There are pages, and pages, and pages of data to wade through, and while it’s possible to delegate many of the responsibilities to AI-controlled second,-in-commands, it’s also possible to micromanage the lot, leading to hours of careful study between matches at times. You’re also going to be constantly hamstrung by the need to manage your team to strict financial limits, and it can be fascinating trying to cobble together a successful team when rivals in the competition are able to significantly out-spend you. There’s no one right path to success, and indeed, being inflexible tends to turn positive results into negative. The depth of the data sets means that it’s all-but-impossible to “game” Football Manager Touch.

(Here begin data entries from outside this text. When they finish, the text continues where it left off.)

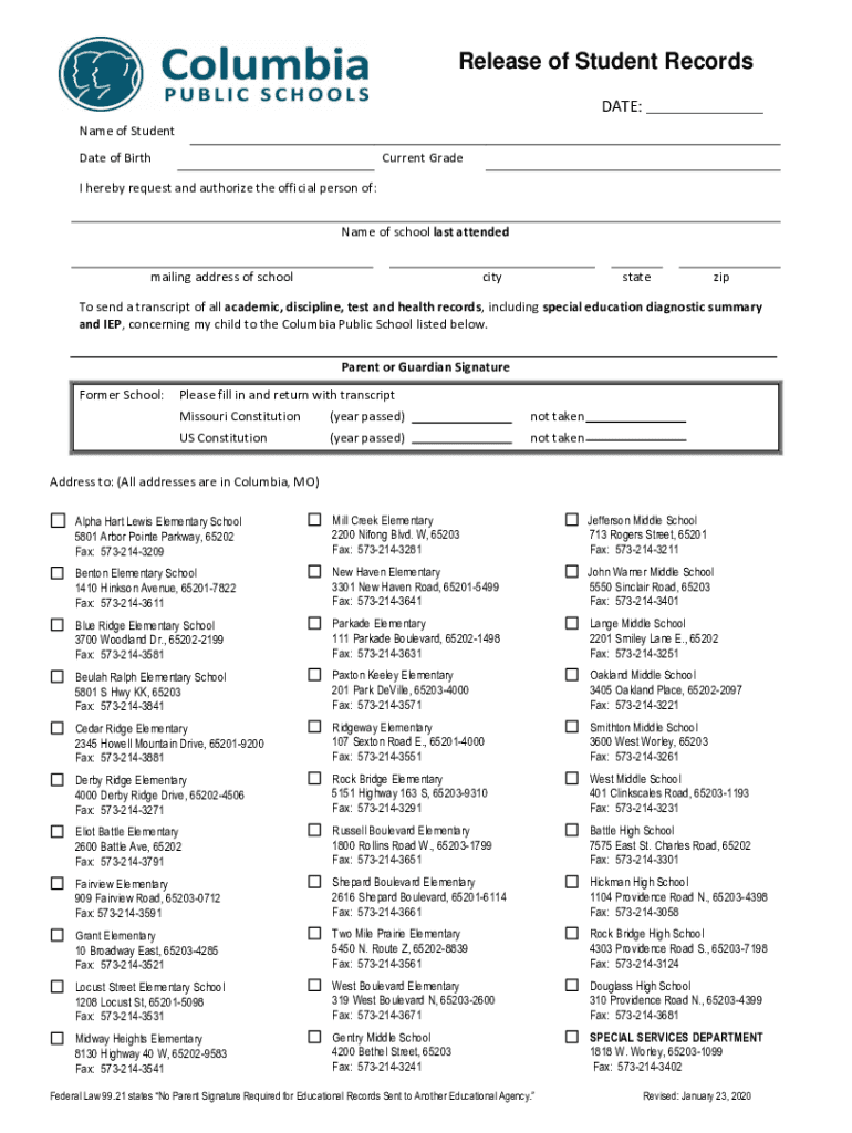 Release of Student Records DATE: Name of Student Date of BirthCurrent Grade hereby request and authorize the official person of: Name of school last attended mailing address of schoolcitystatezipTo
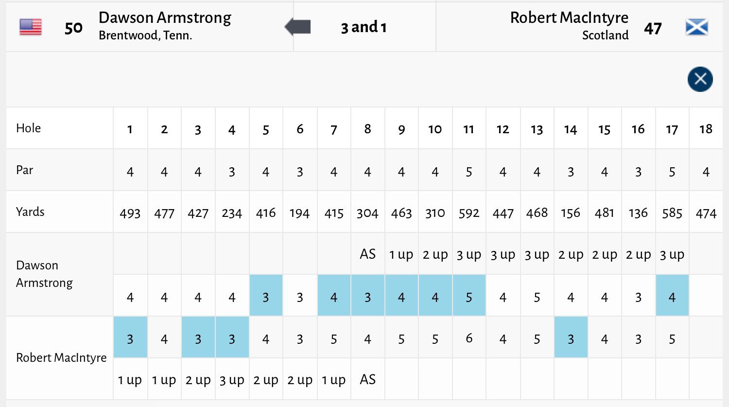 Defending champions USA (+6), tied 32nd, got off to a disappointing start which may prove to be unsurmountable even with their elite team. All three of their players posted scores of 75 (+3).
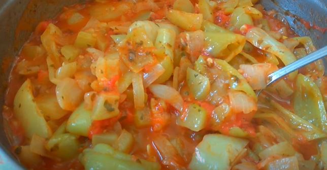 Lagano kuhati dok se svi sastojci sjedine, da paprika omekša, provjerimo..
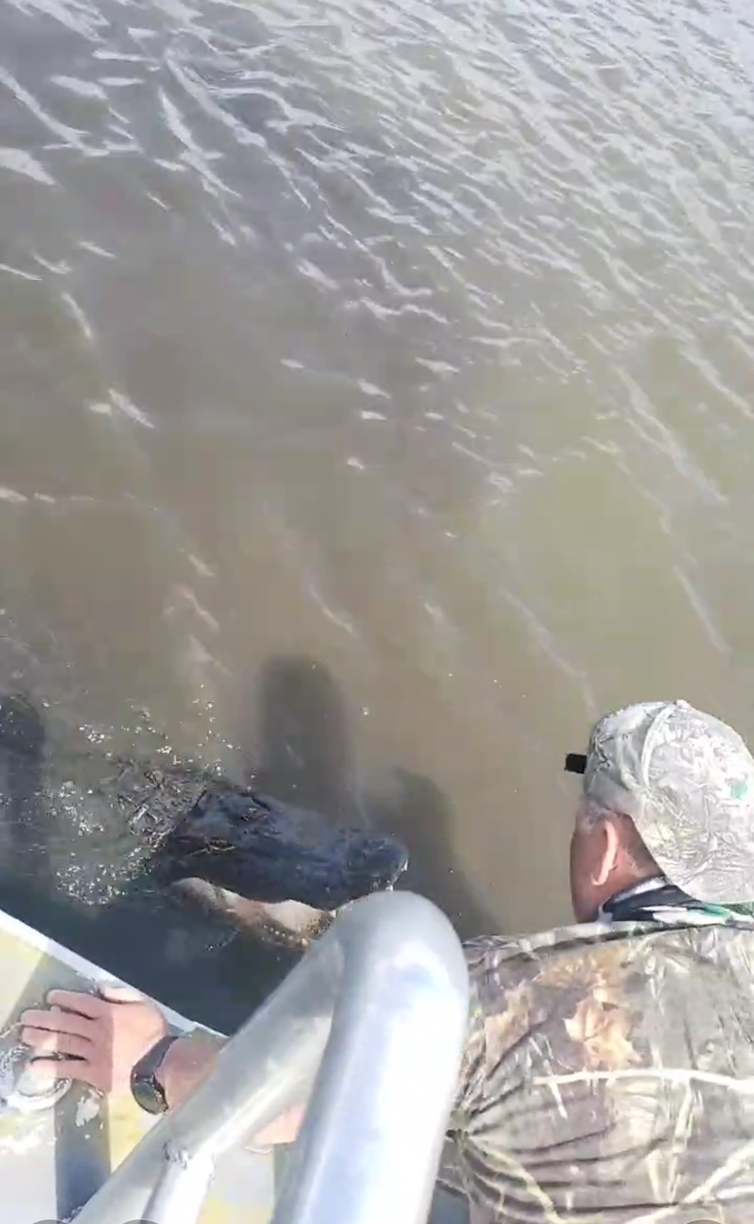 As we eased down the bayou, we spotted two gators lounging on the bank. Then Jay started calling them—yep, actually yelling in what sounded like French, Creole, maybe Spanish? I don’t know what language he spoke, but those gators understood. They slithered into the water and swam right to our boat like they’d RSVP’d.
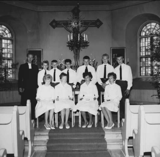 Konfirmandgrupp, Breviks kyrka. Konfirmandlärare: Sören Thörnblad. Endast neg finns.
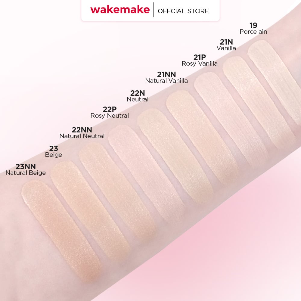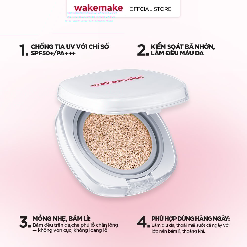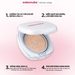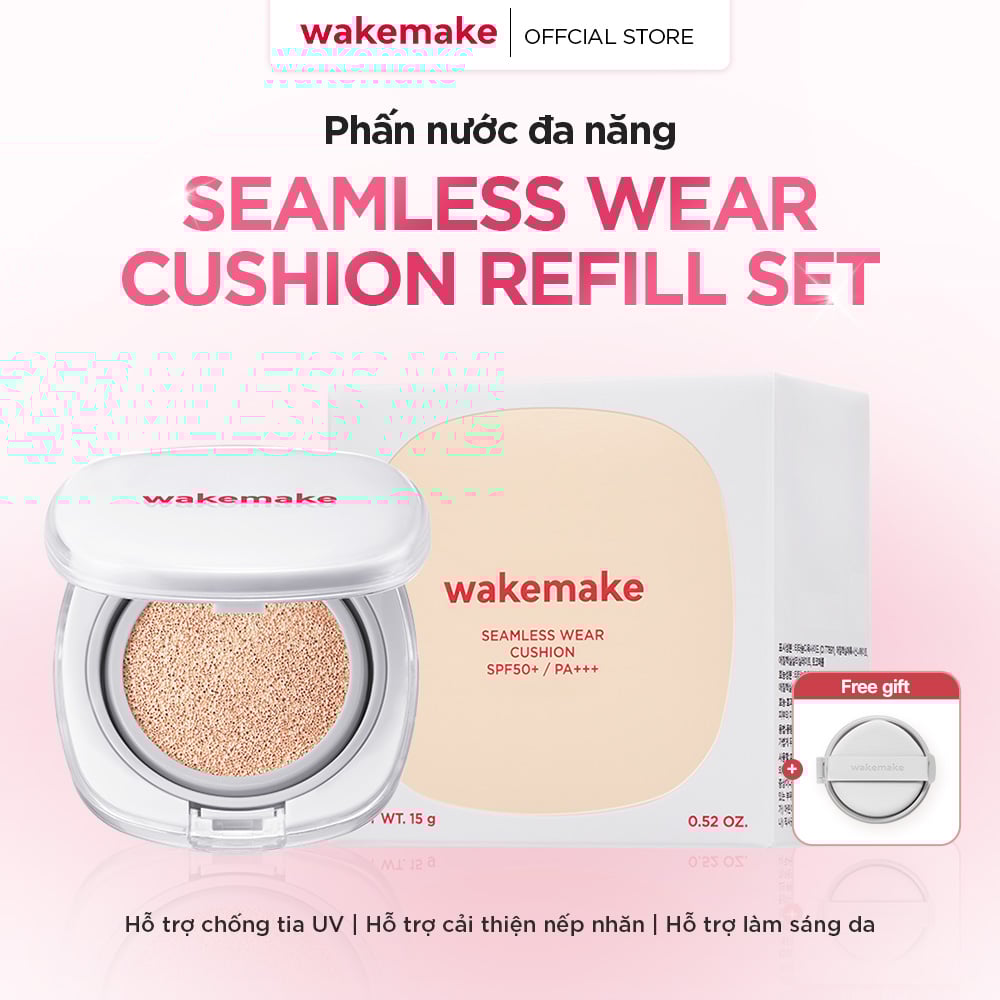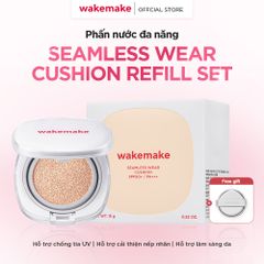 Wakemake Bộ sản phẩm Phấn nước Seamless Wear Cushion Refill Set SPF50+/PA+++ 15g mang đến lớp nền bán lì mỏng nhẹ, thoáng khí, có khả năng che phủ khuyết điểm tự nhiên. Đồng thời, sản phẩm còn hỗ trợ dưỡng trắng, làm mờ nếp nhăn và bảo vệ da toàn diện nhờ chỉ số chống tia UV SPF50+/PA+++.
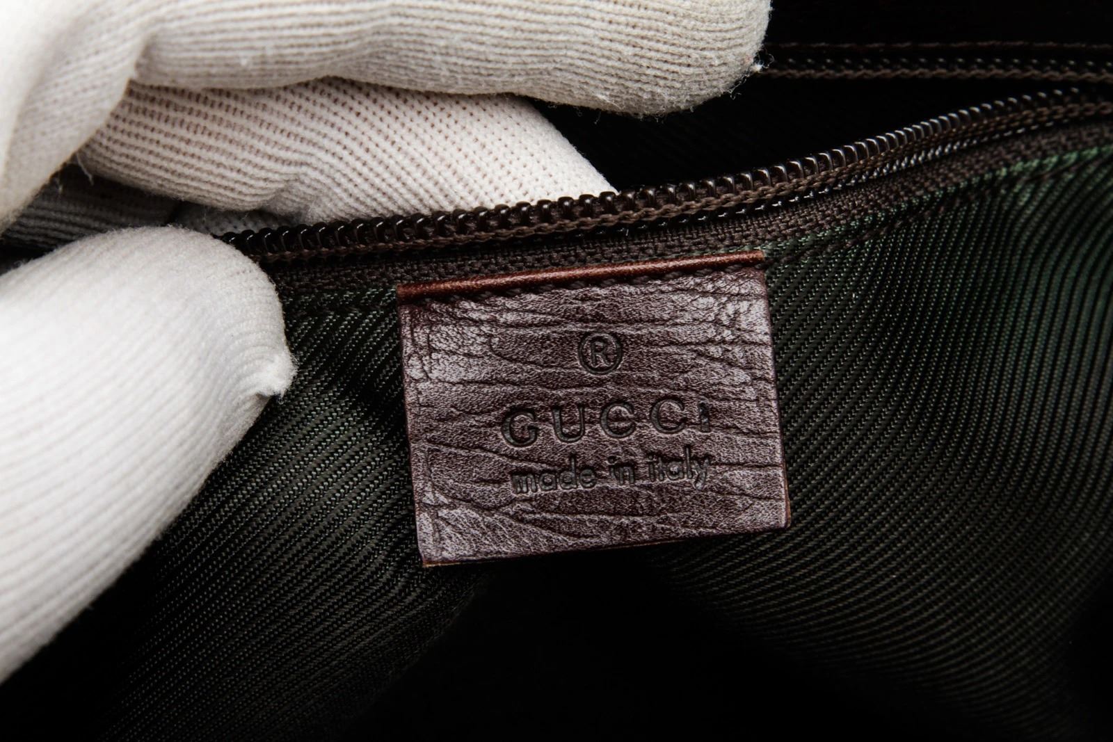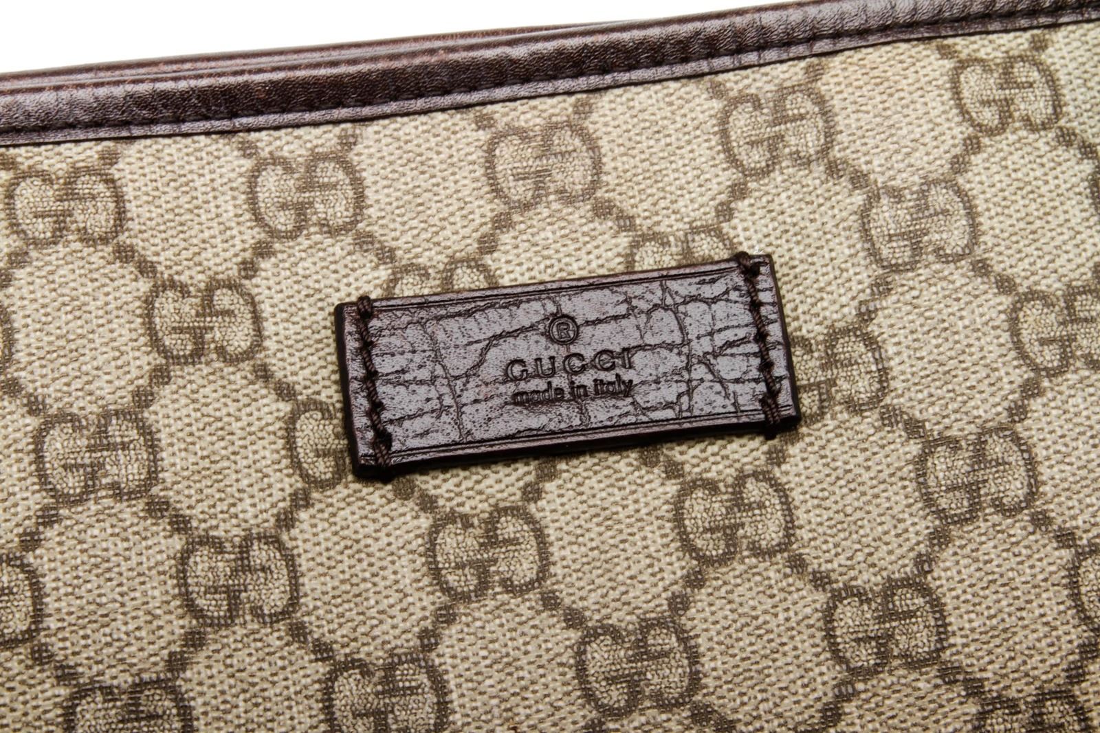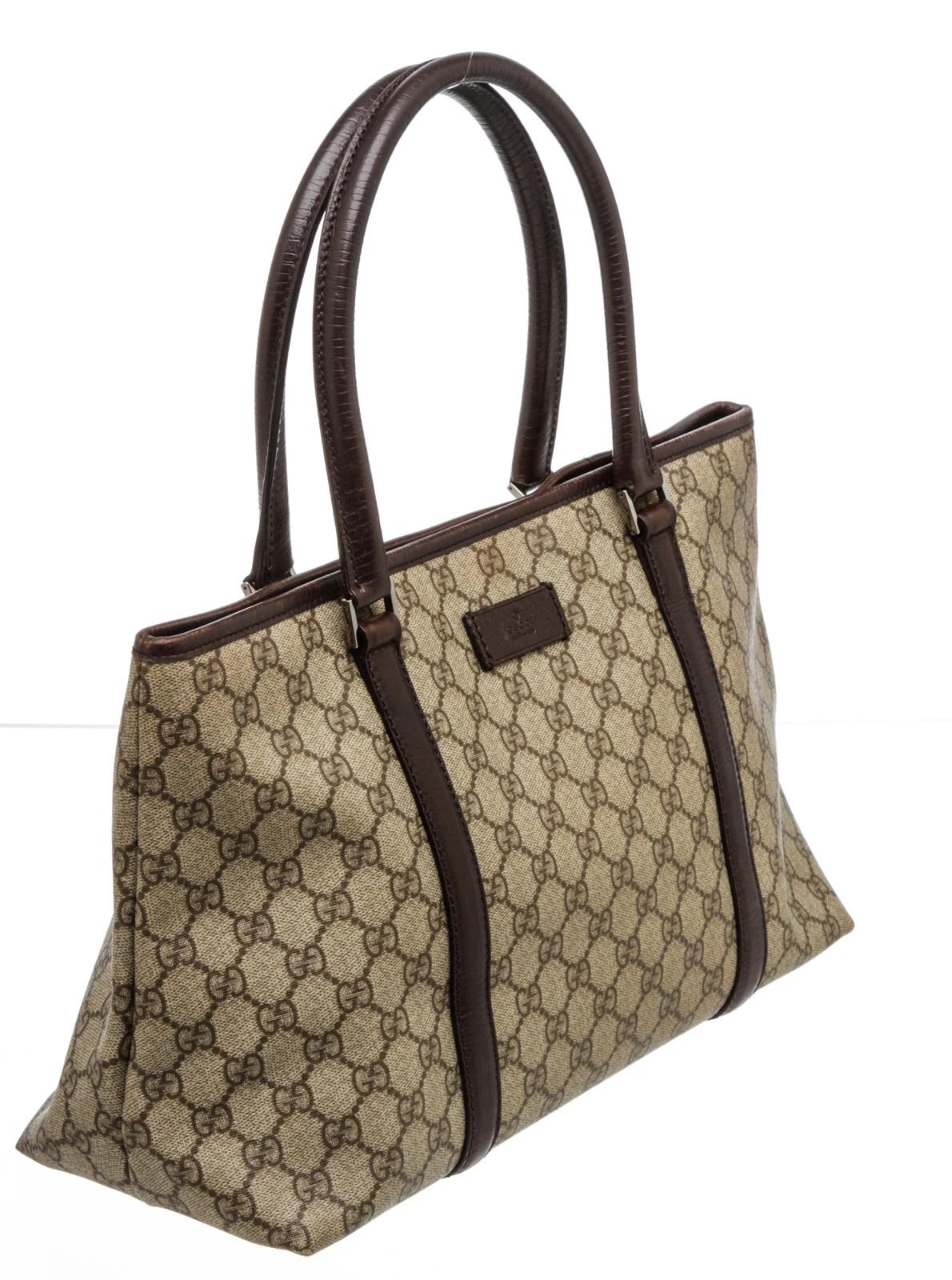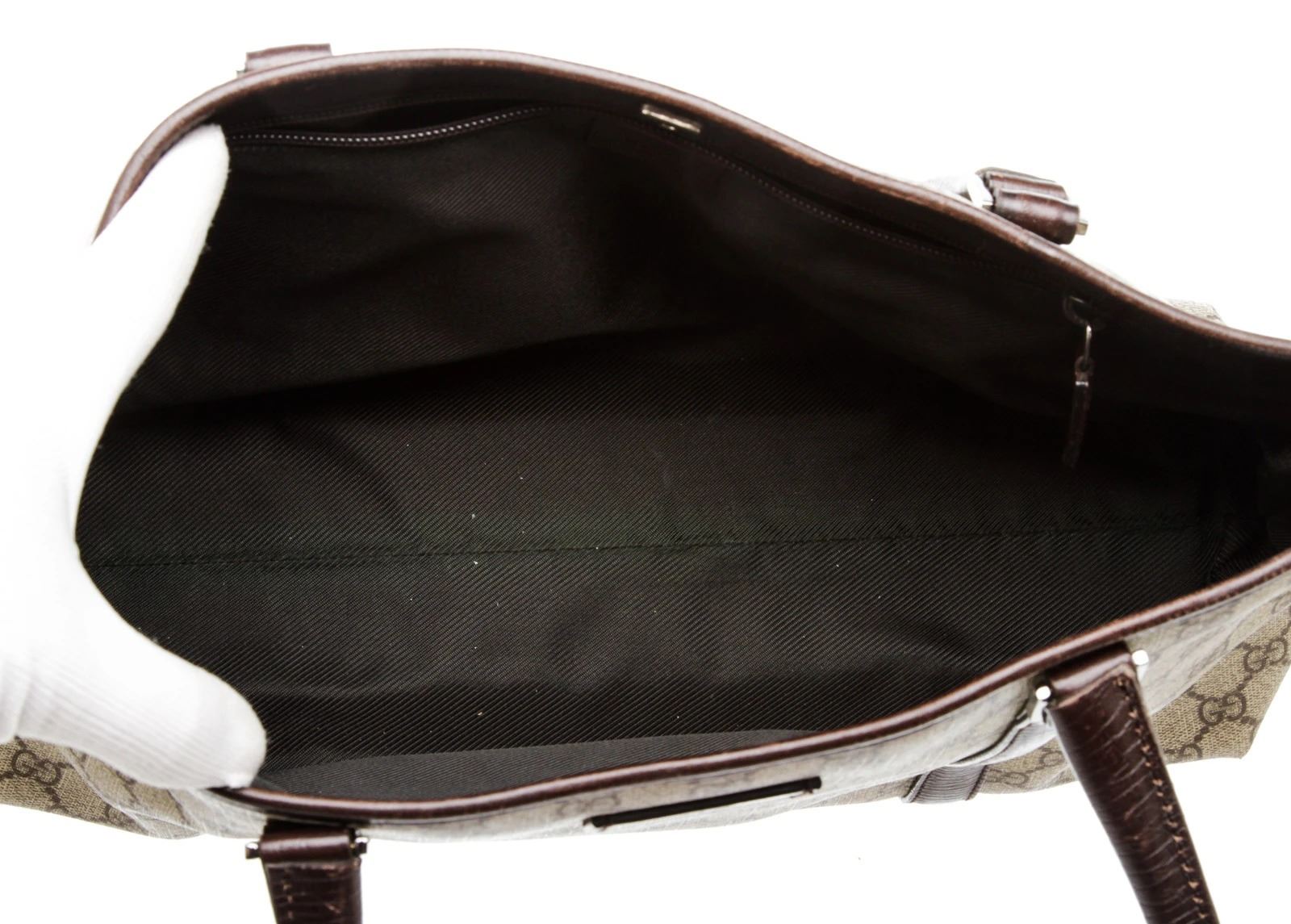 Crafted from brown GG coated canvas, this tote features dual-rolled tall leather handles, tonal leather trims, and silver-tone hardware accents. The bag’s magnetic snap closure opens to a canvas-lined interior with wall pocket ,

Football Manager Touch is a surprisingly accurate recreation of the experience of being a manager in the real sport. Or, alternatively, your favourite players in the real game that you just can’t let go in virtual management even when everything is suggesting that they’re dragging the team down. The little digital dude that cinches the win from the jaws of defeat with a crazy goal. Even when you’re given the tools that you need to go hardcore data-driven in your decisions, and even when you don’t need to deal with the politics and personalities of real people and stakeholders, you’ll still end up with your pet favourite players. To the extent you can eliminate both and replace them with data, you gain a clear advantage.” What I find to be absolutely fascinating in Football Manager is that it highlights how hard it is to actually do that. As Michael Lewis wrote in Moneyball: “ People in both fields operate with beliefs and biases. It’s like you’re running your own private Moneyball story. DDNet – We like Japanese games 😀 December 22, 2020 That is one cracking counter-attack #NintendoSwitch /naxSJCgy8y

It’s simply that I’m just fully invested in what those data sets are telling me, and the rewarding feeling that comes from making them sing. It’s not that I’m immersed in the visual side of the game – the in-match 3D renders are primitive and otherwise it’s a case of wading through spreadsheet after spreadsheet. The fact I want to repeat that journey is another reason that I keep playing these games (I’ve never come close since). A few Football Manager titles ago, I managed to take a minnow from the lowest level of competition and get them into the EPL itself, and its testament to the storytelling quality of Football Manager Touch that I remember that journey more clearly than almost any other game I’ve ever played.
FOOTBALL MANAGER 2021 SWITCH REVIEW FULL
Play well and you’ll find your team winning competitions or even promoted to the next level of competition (especially if you play the English competition, which goes deep into the lower-level leagues and has the full promotion/demotion system in place). Football Manager Touch 2021 brings the social media elements right to the foreground, with the fake Twitter stream telling you just what the fans think of your performance as a manager with every match. In practice, he’s a line of text on the screen, a page of statistics, and a really low-quality profile image, but you’re going to really care that that block of data isn’t delivering. You’ll find yourself getting frustrated that your star striker is going match after match without a goal. Carefully structuring a team around your preferred tactics, watching your decisions play out on the field of battle, but having no direct control over the action on the pitch is a surprisingly narrative-driven experience. FIFA lets you live the dream of playing football, but Football Manager lets you take ownership of your favourite team. The obvious reason first: running a football club is for so many of us a dream. So why do I find Football Manager so compelling? That is despite each title being a very genuine spreadsheet simulator, and I hate spreadsheets.
FOOTBALL MANAGER 2021 SWITCH REVIEW DOWNLOAD
Every year without fail these things land on the eshop, and every year I download that year’s edition, deal with its (many) rough edges, and end up spending hundreds of hours lost into its intricacies. The three previous titles on Nintendo Switch are all inside my top 20 in terms of total hours playtime on the console.

At this point, I think that I’ve been fully Stockholm Syndromed into Football Manager Touch.